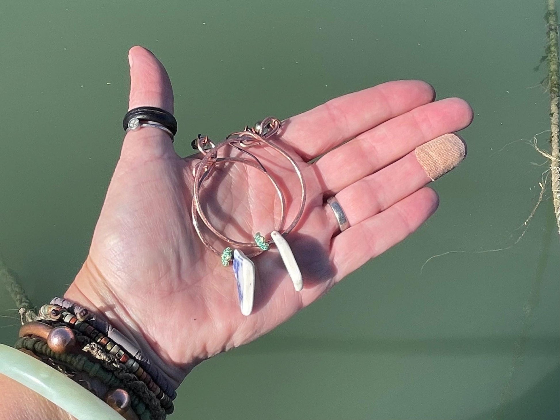 Unique sea ceramic earrings hung on copper stripped from waste electrical cables. The ear hooks are made from hammered brass.
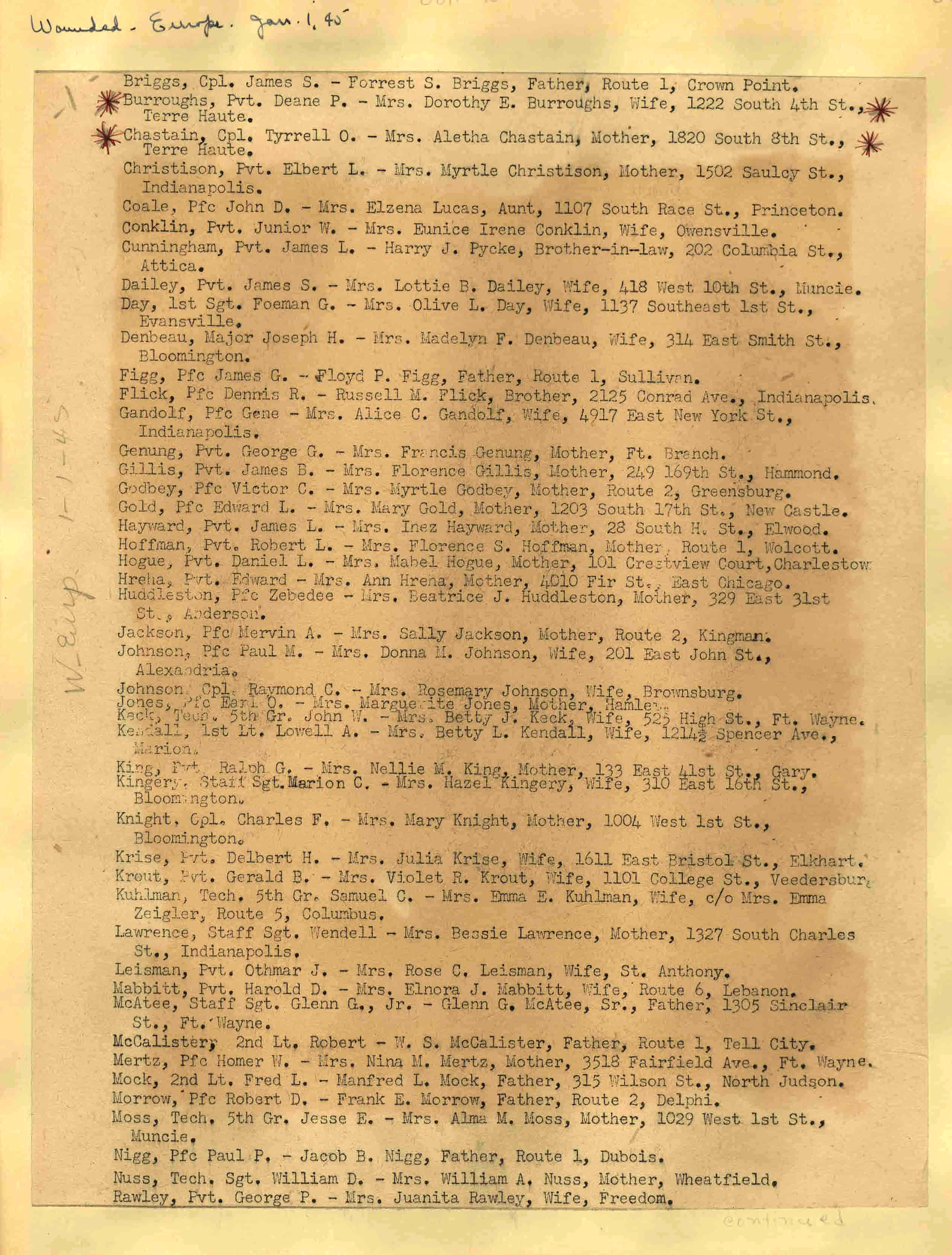 | Wounded - Europe 01/01/1945 ![]() 33 |
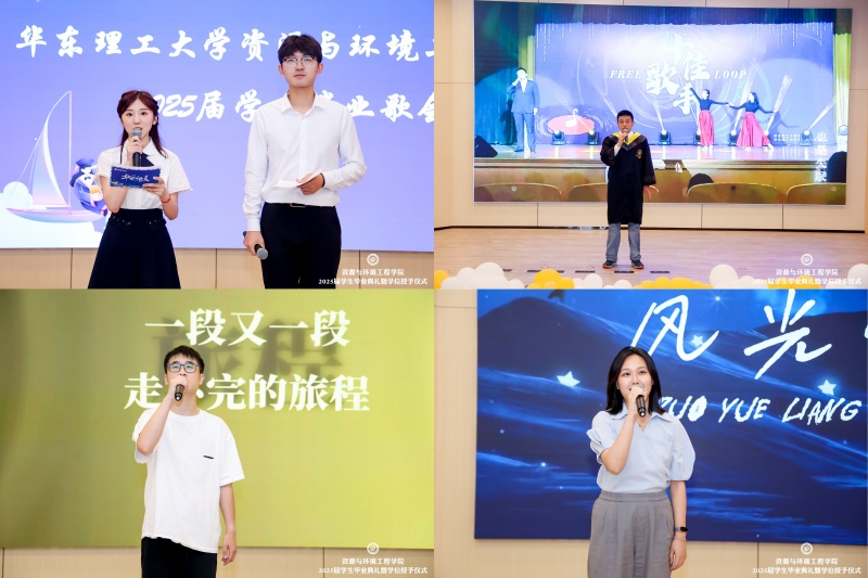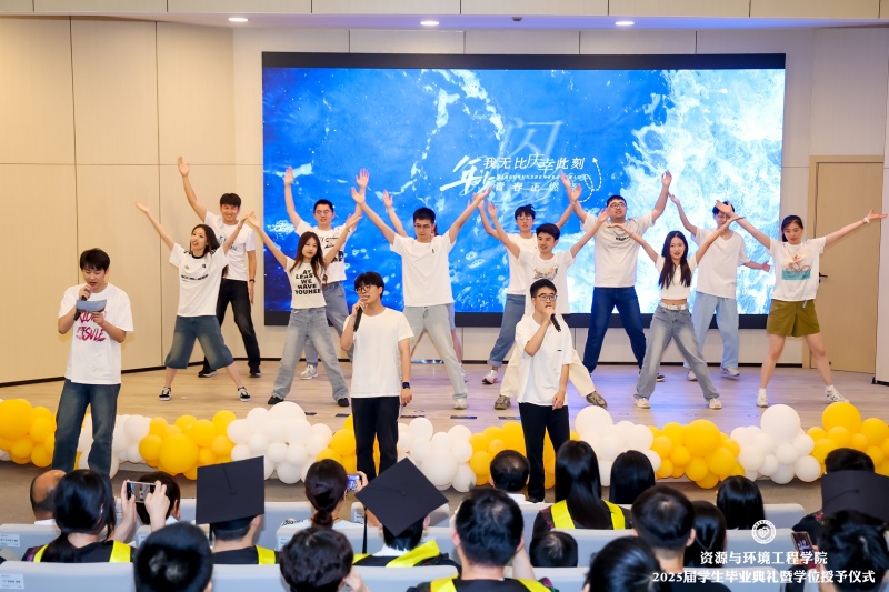 典礼后还举行了2025届毕业歌会。本研毕业生们以及曹悦老师等用歌曲、舞蹈等形式表达了对同窗和母校的眷恋不舍之情和对毕业生的美好祝愿。毕业生们还精心录制了视频《资环记忆:我们的故事与远方》,回顾入学后的点滴成长,表达对公司的真挚祝福。最后,全体人员共同合唱歌曲《闪耀》,毕业歌会圆满落幕。
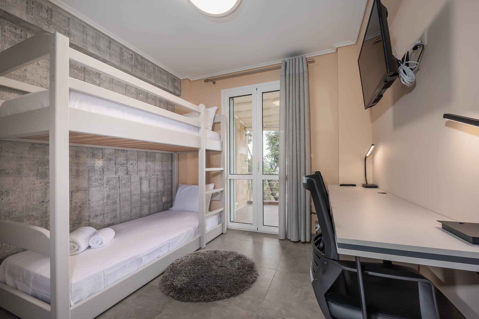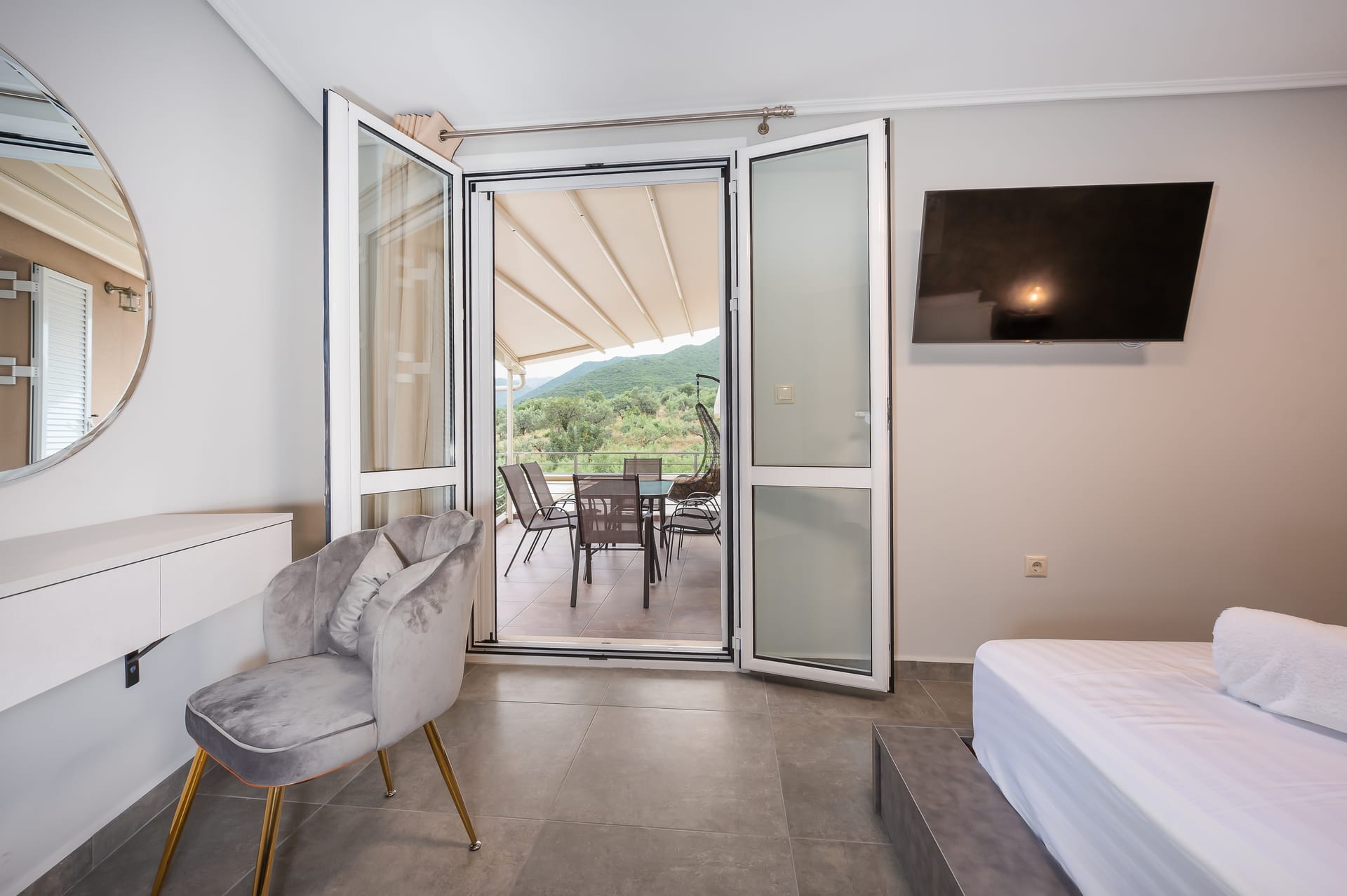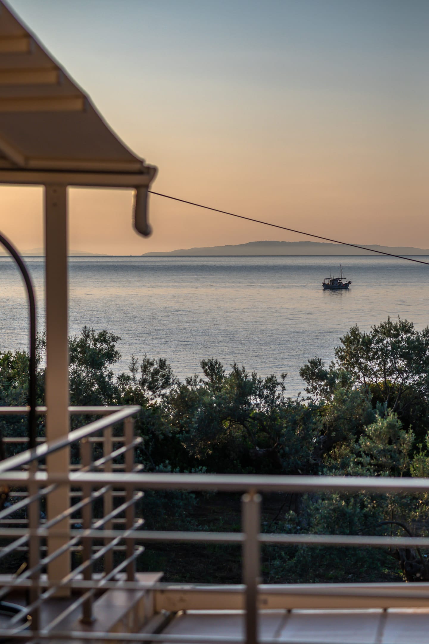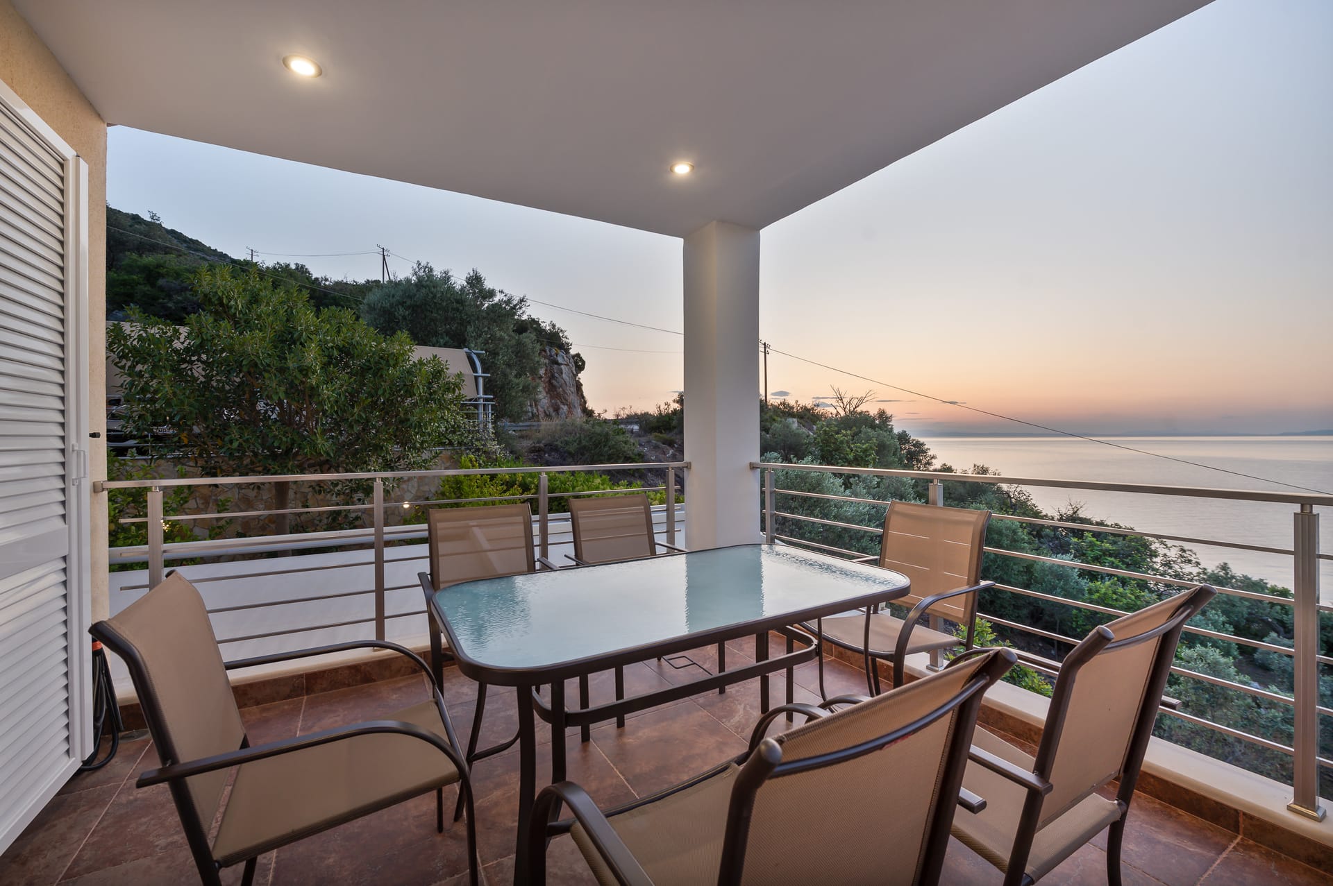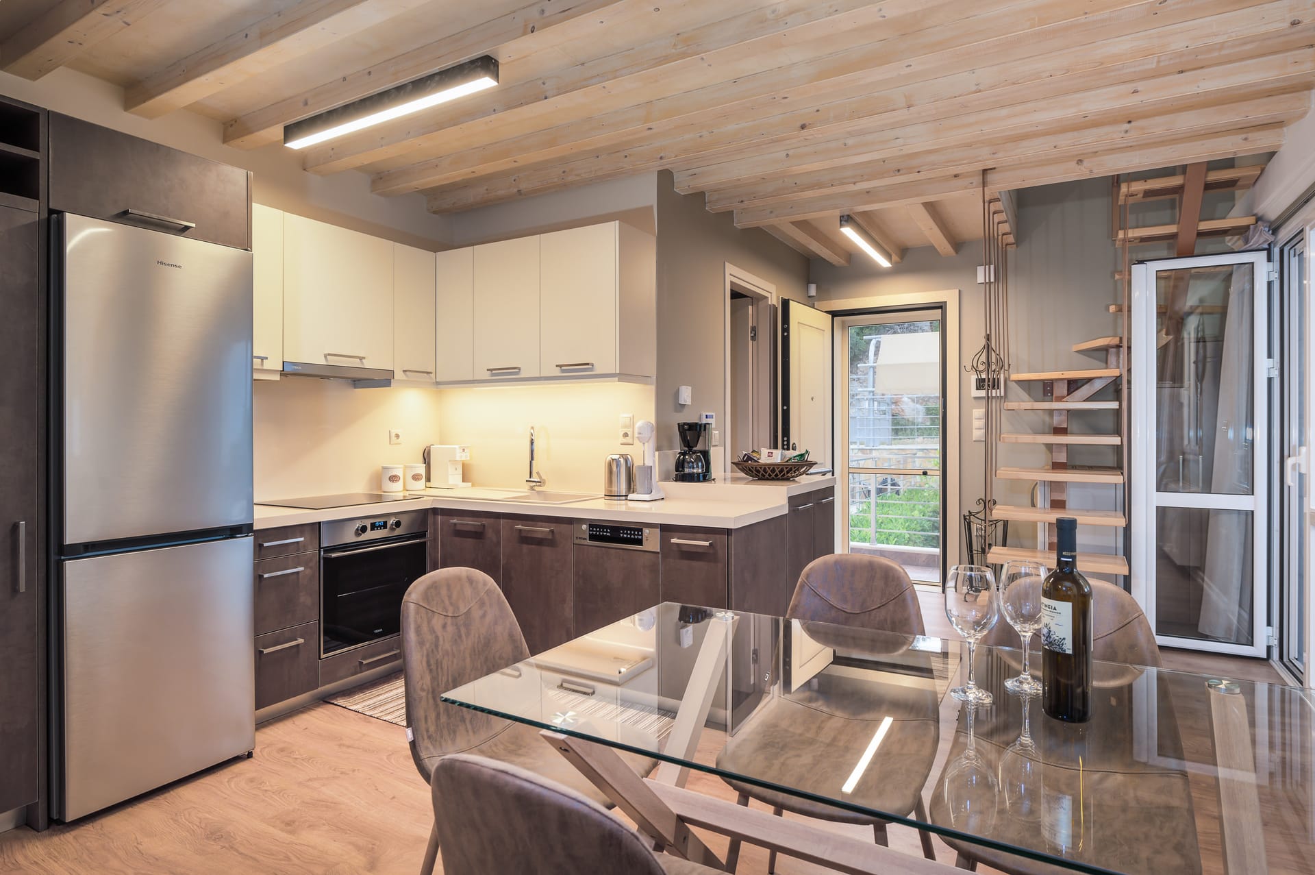 This one of 80sqm on the 3rd floor has 1 room with 1 double bed (wardrobe, painting toilet with mirror and stool) in an open space 1 living room (TV) and 1 fully equipped kitchen (dishwasher, refrigerator, oven, hob, washing machine, coffee maker for French coffee, coffee maker for esresso, frappe maker, kettle etc), 1 small storage room (electric vacuum, ironing board, swiffer mop with vetex, broom with dustpan, clothes rack) and 1 bathroom (shower).Going up to the 4th floor by a wooden staircase is 1 room with 3 single beds and 1 two-seat desk (wardrobe, TV).The floor on both floors is made of wood except for the bathroom which is tiled. All areas open onto large verandas with sea and mountain views where you can enjoy the enchanting dawn.

Problem description:
The material above must be printed exactly, with its pictures left out.

Written reply:
 Unique sea ceramic earrings hung on copper stripped from waste electrical cables. The ear hooks are made from hammered brass.
 | Wounded - Europe 01/01/1945 ![]() 33 |
 典礼后还举行了2025届毕业歌会。本研毕业生们以及曹悦老师等用歌曲、舞蹈等形式表达了对同窗和母校的眷恋不舍之情和对毕业生的美好祝愿。毕业生们还精心录制了视频《资环记忆:我们的故事与远方》,回顾入学后的点滴成长,表达对公司的真挚祝福。最后,全体人员共同合唱歌曲《闪耀》,毕业歌会圆满落幕。
 This one of 80sqm on the 3rd floor has 1 room with 1 double bed (wardrobe, painting toilet with mirror and stool) in an open space 1 living room (TV) and 1 fully equipped kitchen (dishwasher, refrigerator, oven, hob, washing machine, coffee maker for French coffee, coffee maker for esresso, frappe maker, kettle etc), 1 small storage room (electric vacuum, ironing board, swiffer mop with vetex, broom with dustpan, clothes rack) and 1 bathroom (shower).Going up to the 4th floor by a wooden staircase is 1 room with 3 single beds and 1 two-seat desk (wardrobe, TV).The floor on both floors is made of wood except for the bathroom which is tiled. All areas open onto large verandas with sea and mountain views where you can enjoy the enchanting dawn.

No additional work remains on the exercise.